Water Cellar for Mothers project has garnered international recognition. Country Water Action, a report released by the Asian Development Bank, has a section introducing the project and commended it as a remarkable initiative securing safe water for people in arid regions.

Reports of international organizations such as the World Bank and the United Nations also reaffirmed the great role the project is playing in alleviating people's suffering.

In 2015, the U.S.-based Minor Planet Center officially named minor planet No.207715 as Muqin Shuijiao (Chinese for Water Cellar for Mothers), to highlight the great achievement the project had made in the past. According to Qin, Water Cellar for Mothers project will continue to develop in light of the United Nations 2030 Agenda for Sustainable Development and China's 13th Five-Year Plan (2016-20), and will be launched globally. "We hope to launch Water Cellar for Mothers project in less developed countries, such as those in Africa," she said.

Lu Youqing, who worked as Chinese ambassador to Tanzania in 2012-17, also thinks African countries can benefit from the project. He investigated the situation in Tanzania and believes that the project can work well there.

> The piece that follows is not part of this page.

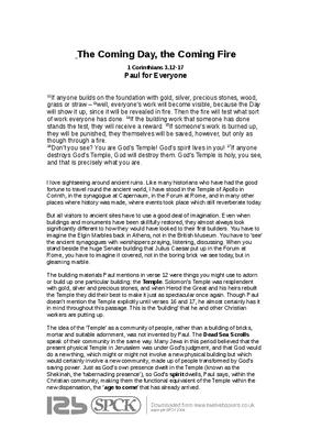 Taken from Paul 1 Corinthians for Everyone – by Tom Wright

According to Lu, although the average annual rainfall of Tanzania in the past 10 years is as high as 1,071 mm and even the driest region Dodoma can receive 570 mm of rainfall a year on average, due to the shortage of water conservancy facilities, however, Tanzania is still faced with a severe water shortage which is hampering social and economic development and the improvement of people's livelihood.

"Water Cellar for Mothers project of China can be used as a good reference," said Lu. "It's expected that with the joint efforts of China and Tanzania, a suitable water conservancy and irrigation system could be established in Tanzania to benefit the local people."

Water Cellar for Mothers Donations 


Based on China Women's Development Foundation (CWDF), Water Cellar for Mothers relies mainly on public donations, including those from individuals and businesses. People can easily donate online via the post office, the bank and at the CWDF office. An individual can donate a water cellar (including a filtration system) for a family which can be named after the donor. When a company donates to build water cellars for a village or a township, all the water cellars in the village or the township will also bear the company's name.